We've never seen the CRISPR gene-editing tool used like this before. Scientists have turned a Japanese garden plant from violet to white by disrupting a single gene - yet more evidence of the huge potential that CRISPR holds.
The modified flower is the Japanese morning glory plant (the Ipomoea nil or Pharbitis nil), with researchers targeting only the gene responsible for flower colour without affecting the rest of the plant. But the potential here goes far beyond the cosmetic.
If you're new to CRISPR/Cas9 - the Cas9 enzyme is responsible for doing the DNA cutting - it lets scientists cut and paste genes with incredible precision, allowing for some pretty deep biological engineering.
Now this team, from institutions across Japan, says the CRISPR/Cas9 technique is going to make a huge difference in the study and manipulation of plants.
"To our knowledge, this report is the first concerning flower colour changes in higher plants using CRISPR/Cas9 technology," writes the team of researchers.
The morning glory plant was chosen for this particular experiment as it's already part of the National BioResource Project (NBRP) in Japan – that means scientists already know a lot about its genetic coding, and the DNA blueprints are already available.
The team targeted the gene responsible for the colour of the plant's flowers, the dihydroflavonol-4-reductase-B (DFR-B) gene. With two other very closely related genes sitting either side of DFR-B, the challenge was to use CRISPR/Cas9 to snip out the right DNA strands very specifically without affecting the rest of the plant.

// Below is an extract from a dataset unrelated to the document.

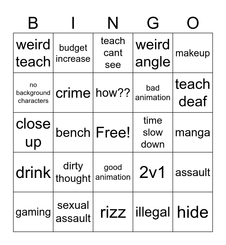 This bingo card has a free space and 24 words: dirty thought, sexual assault, how??, gaming, makeup, weird teach, no background characters, budget increase, time slow down, good animation, bad animation, close up, 2v1, assault, crime, illegal, manga, teach cant see, teach deaf, bench, hide, drink, weird angle and rizz.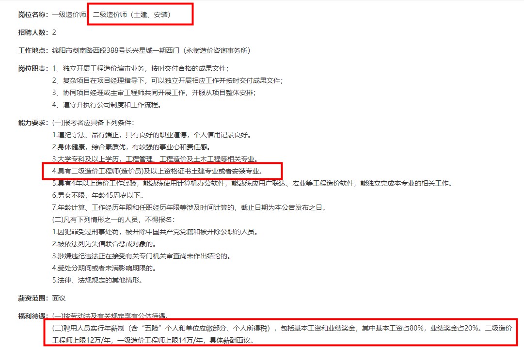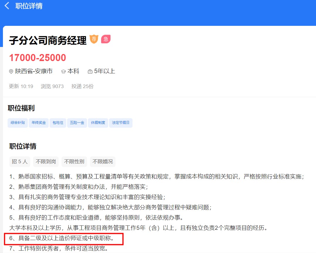 二造證書還是邁入行業(yè)的門檻,各大公司招聘要求都標明擁有二級造價師證書優(yōu)先!

The enzyme produced by DFR-B is known to be responsible for producing the colour pigment anthocyanin, so shutting it off should turn the flowers white – and so it proved.
Around 75 percent of the treated plant embryos grew up to flower with white rather than violet petals, and further analysis of the neighbouring genes showed no mutations, a testament to the accuracy of CRISPR/Cas9.

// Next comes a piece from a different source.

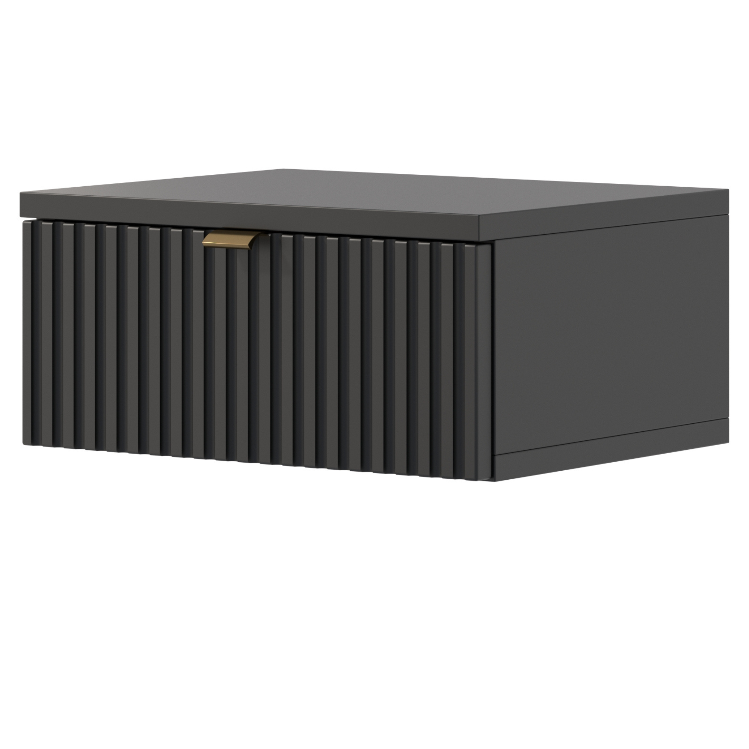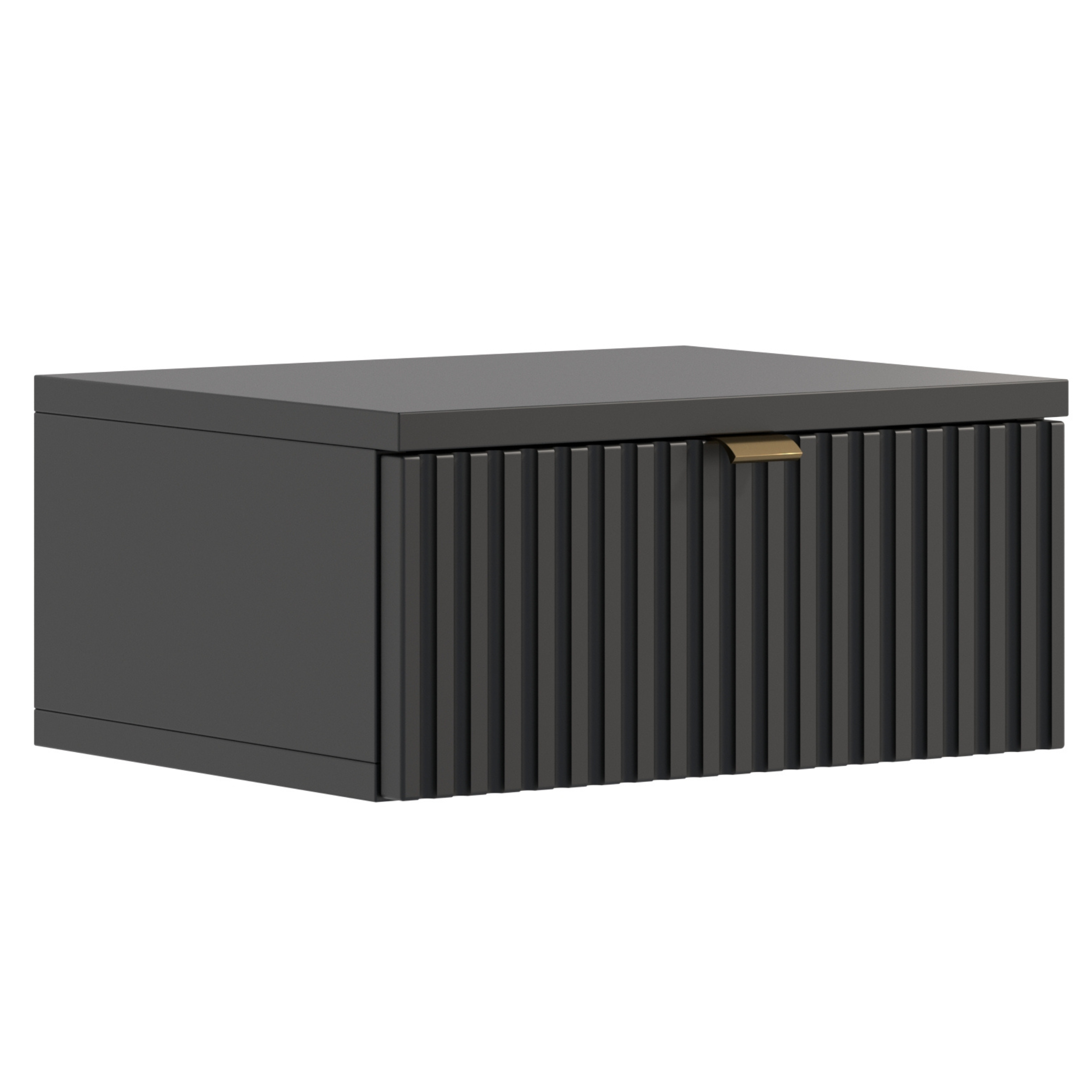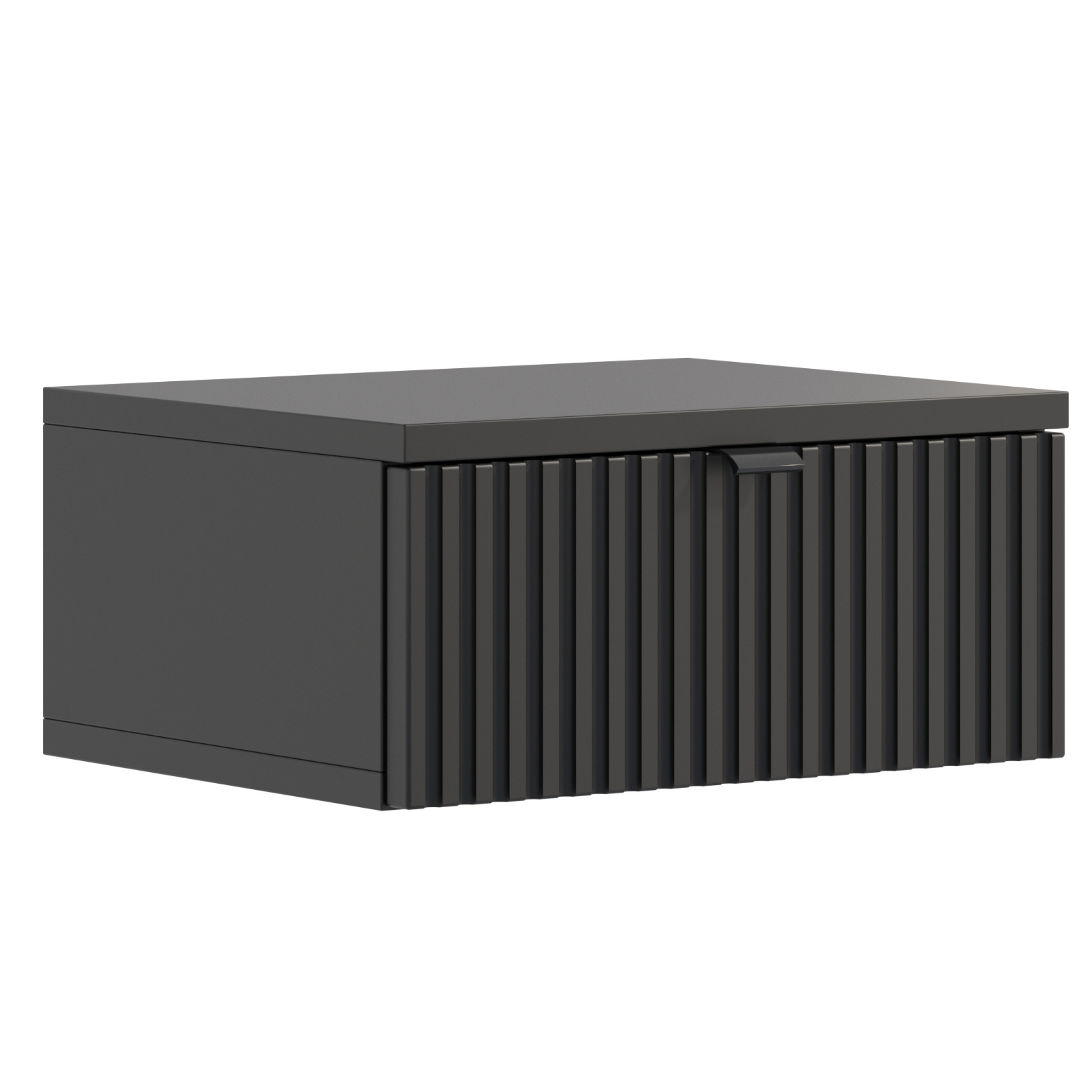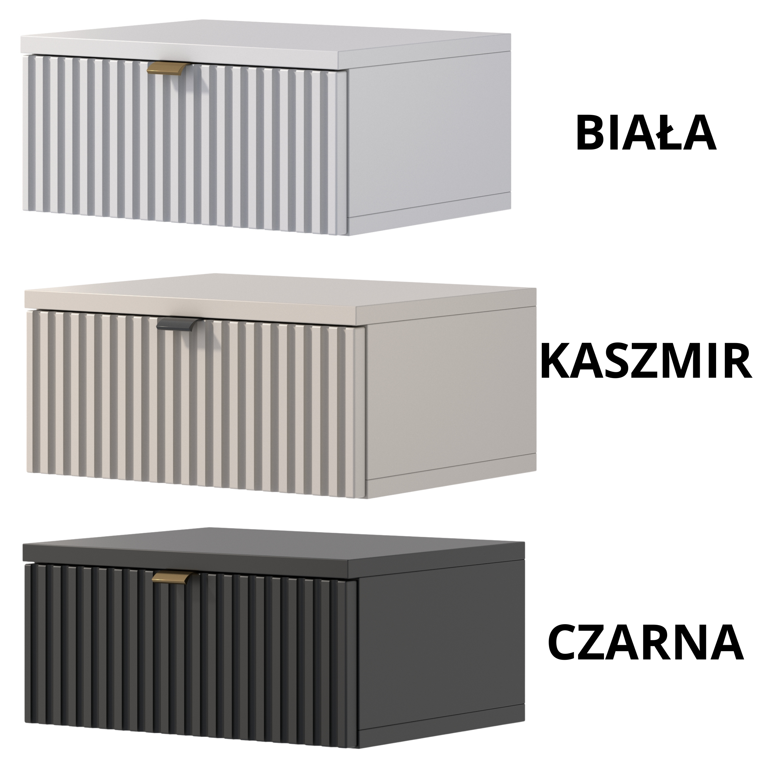 Dodaj nowoczesny akcent do swojej sypialni z naszą elegancką szafką nocną podwieszaną, która łączy w sobie styl, trwałość i funkcjonalność. Ta wyjątkowa szafka jest idealnym rozwiązaniem dla osób ceniących sobie wysoką jakość i estetykę.Front szafki został wykonany z lakierowanej płyty MDF, charakteryzującej się wyjątkową strukturą ryflowaną. Dodaje to nowoczesnego i eleganckiego wyglądu, który z pewnością przyciągnie wzrok.Pojemna szuflada zapewnia bowiem dużo miejsca do przechowywania różnych prywatnych przedmiotów. Dzięki swojej funkcjonalności, szafka nocna pozwala na utrzymanie porządku w sypialni i zapewnia dogodny dostęp do niezbędnych rzeczy na wyciągnięcie ręki.

The study has consequences beyond potentially enabling you to colour your flower beds to order, because some of the next generation of plants – which also grew up with white flowers – showed no signs of the artificially introduced DNA.
That raises interesting questions about how our newly found gene editing powers could permanently change the course of nature, no matter how good or bad our intentions.
For now though, the scientists are promoting their study as a way of showing the accuracy and the potential of CRISPR/Cas9: the morning glory plant was introduced to Japan in the 8th century AD, and it wasn't until the 17th century that a white version appeared as the result of a genetic mutation.
What nature took around 850 years to achieve, CRISPR/Cas9 managed in less than 12 months, and that's both exciting and a little scary.
"The successful results of the present study will facilitate the modification of flower colours and shapes with targeted mutagenesis in Ipomoea nil and other ornamental flowers or vegetables," conclude the researchers.
The research has been published in Scientific Reports.